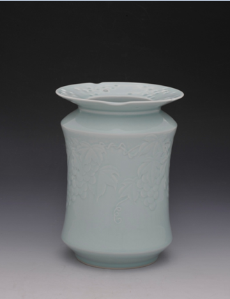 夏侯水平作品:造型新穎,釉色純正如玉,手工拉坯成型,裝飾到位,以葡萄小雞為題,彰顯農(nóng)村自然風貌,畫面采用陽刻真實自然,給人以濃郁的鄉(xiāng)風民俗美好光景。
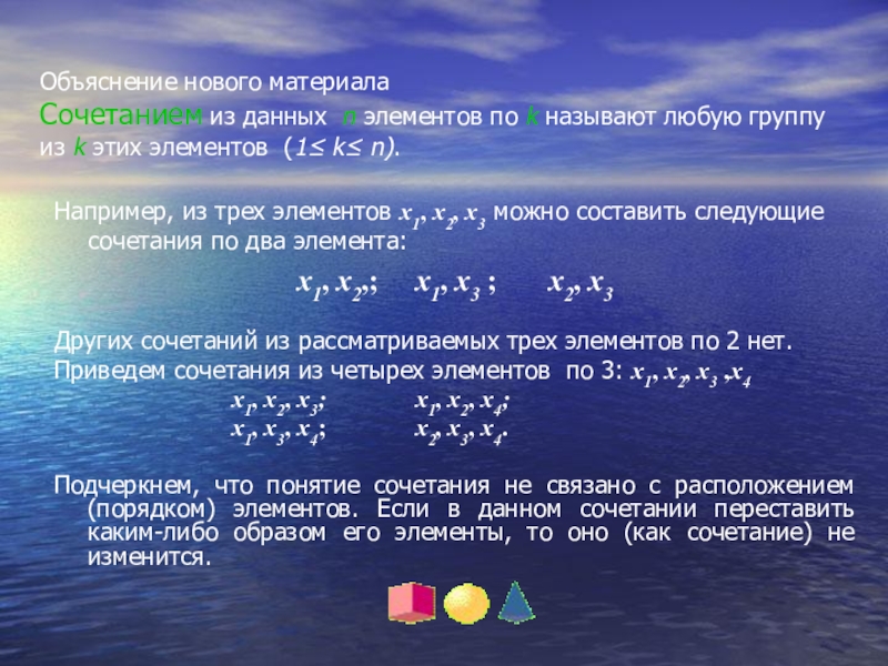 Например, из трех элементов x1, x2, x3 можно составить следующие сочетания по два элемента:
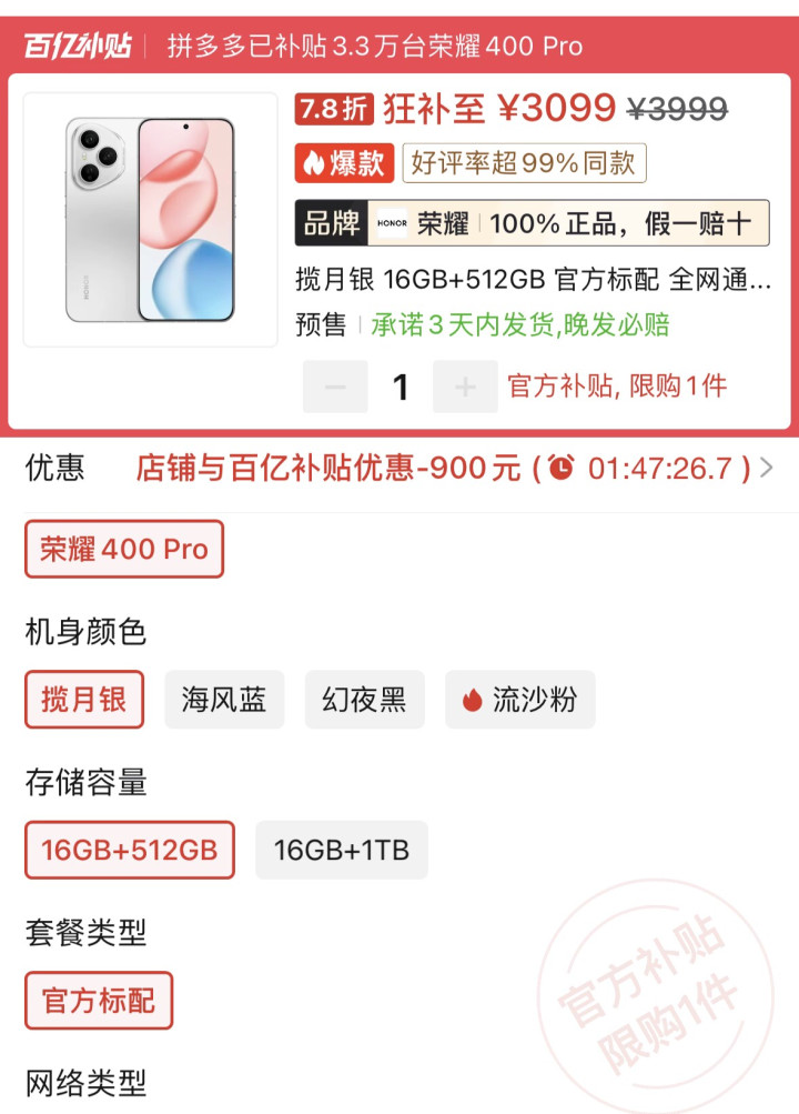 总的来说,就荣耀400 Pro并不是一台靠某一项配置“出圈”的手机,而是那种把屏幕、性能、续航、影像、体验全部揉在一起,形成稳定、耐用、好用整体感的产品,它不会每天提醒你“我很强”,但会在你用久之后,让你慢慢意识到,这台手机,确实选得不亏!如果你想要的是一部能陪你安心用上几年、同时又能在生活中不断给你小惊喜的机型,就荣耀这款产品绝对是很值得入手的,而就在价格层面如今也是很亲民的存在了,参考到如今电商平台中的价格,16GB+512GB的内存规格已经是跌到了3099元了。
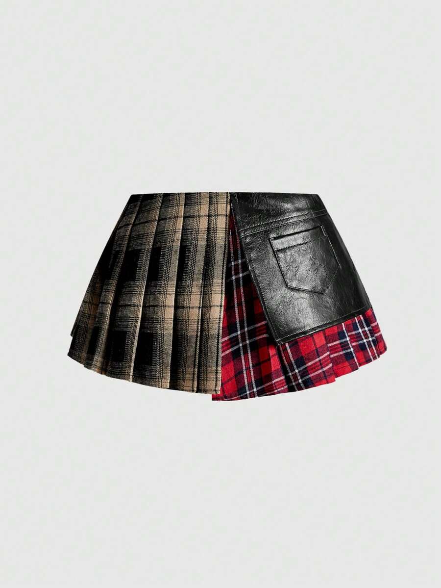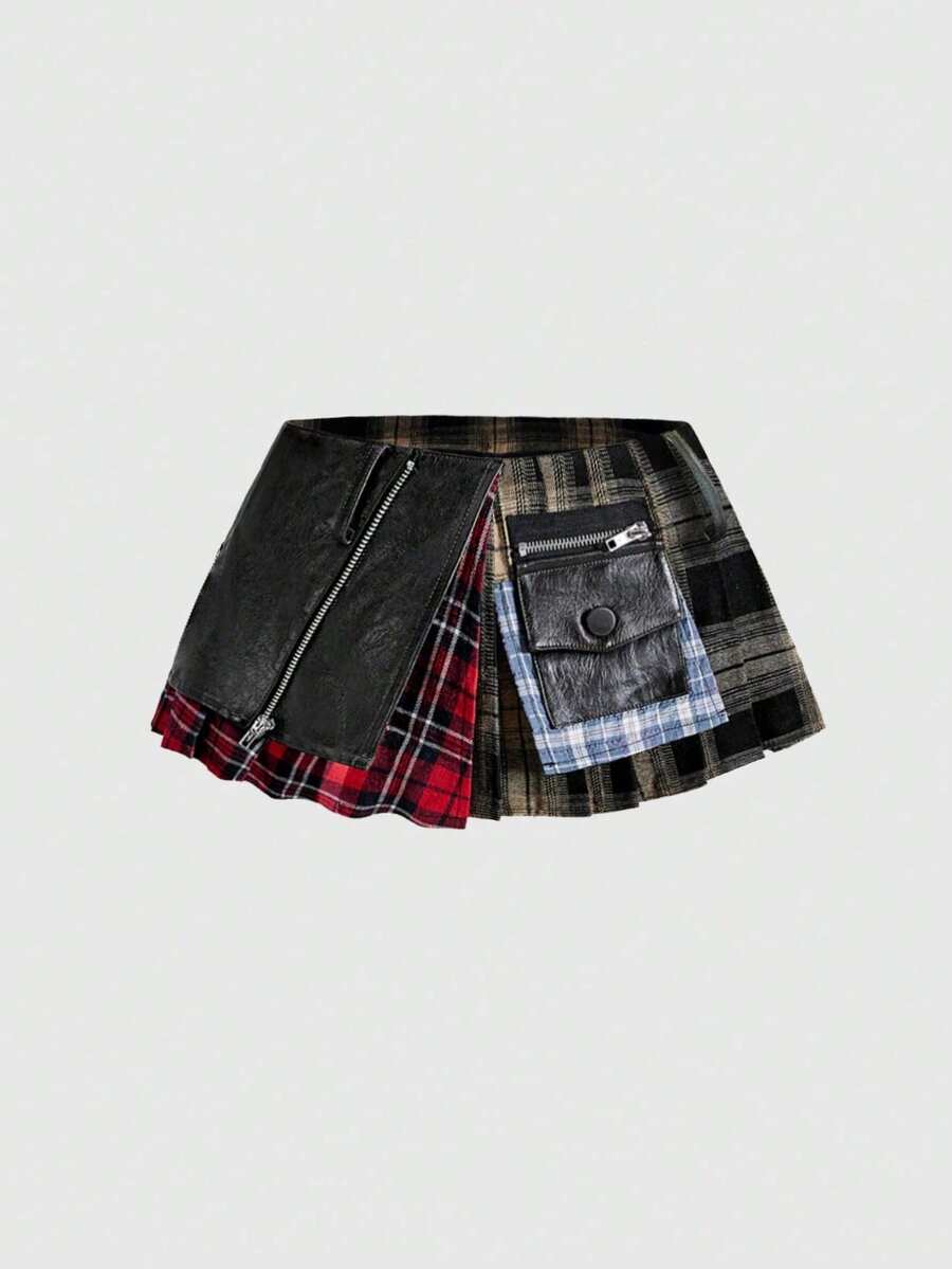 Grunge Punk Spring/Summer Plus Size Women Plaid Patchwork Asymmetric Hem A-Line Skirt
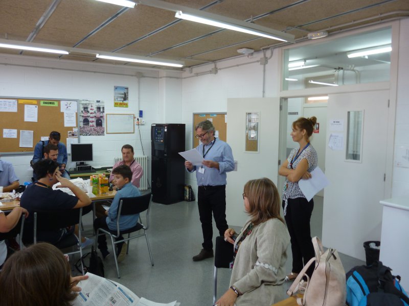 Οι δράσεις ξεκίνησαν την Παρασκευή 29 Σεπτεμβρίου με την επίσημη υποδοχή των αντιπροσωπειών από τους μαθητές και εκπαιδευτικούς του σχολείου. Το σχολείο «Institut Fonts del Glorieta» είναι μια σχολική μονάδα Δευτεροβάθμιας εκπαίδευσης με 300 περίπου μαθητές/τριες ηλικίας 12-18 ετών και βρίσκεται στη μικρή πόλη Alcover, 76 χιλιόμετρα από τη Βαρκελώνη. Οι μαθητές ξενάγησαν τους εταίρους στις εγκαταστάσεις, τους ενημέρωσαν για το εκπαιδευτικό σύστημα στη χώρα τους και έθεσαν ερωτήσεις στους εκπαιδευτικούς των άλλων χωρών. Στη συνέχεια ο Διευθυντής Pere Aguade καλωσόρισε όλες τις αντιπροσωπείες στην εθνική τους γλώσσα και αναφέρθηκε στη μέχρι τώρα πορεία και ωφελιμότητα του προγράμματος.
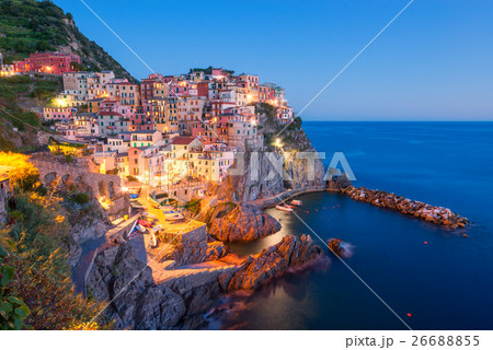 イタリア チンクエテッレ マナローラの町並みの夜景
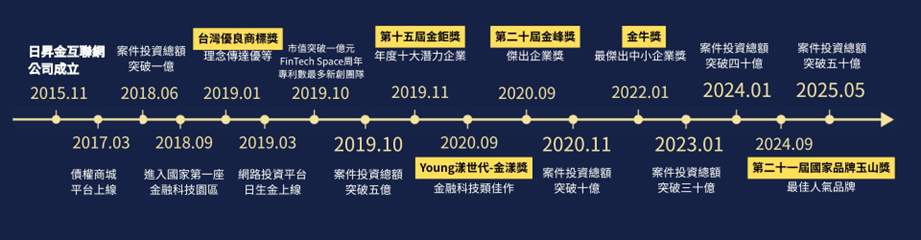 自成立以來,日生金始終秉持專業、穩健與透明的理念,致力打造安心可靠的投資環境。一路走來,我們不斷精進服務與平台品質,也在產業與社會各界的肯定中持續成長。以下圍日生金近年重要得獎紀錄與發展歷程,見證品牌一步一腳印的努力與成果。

******************************

With the pictures left out, output exactly the lines from the one with "イタリア チンクエテッレ マナローラの町並みの夜景" through the end of the listing above, both ends included.

 イタリア チンクエテッレ マナローラの町並みの夜景
 自成立以來,日生金始終秉持專業、穩健與透明的理念,致力打造安心可靠的投資環境。一路走來,我們不斷精進服務與平台品質,也在產業與社會各界的肯定中持續成長。以下圍日生金近年重要得獎紀錄與發展歷程,見證品牌一步一腳印的努力與成果。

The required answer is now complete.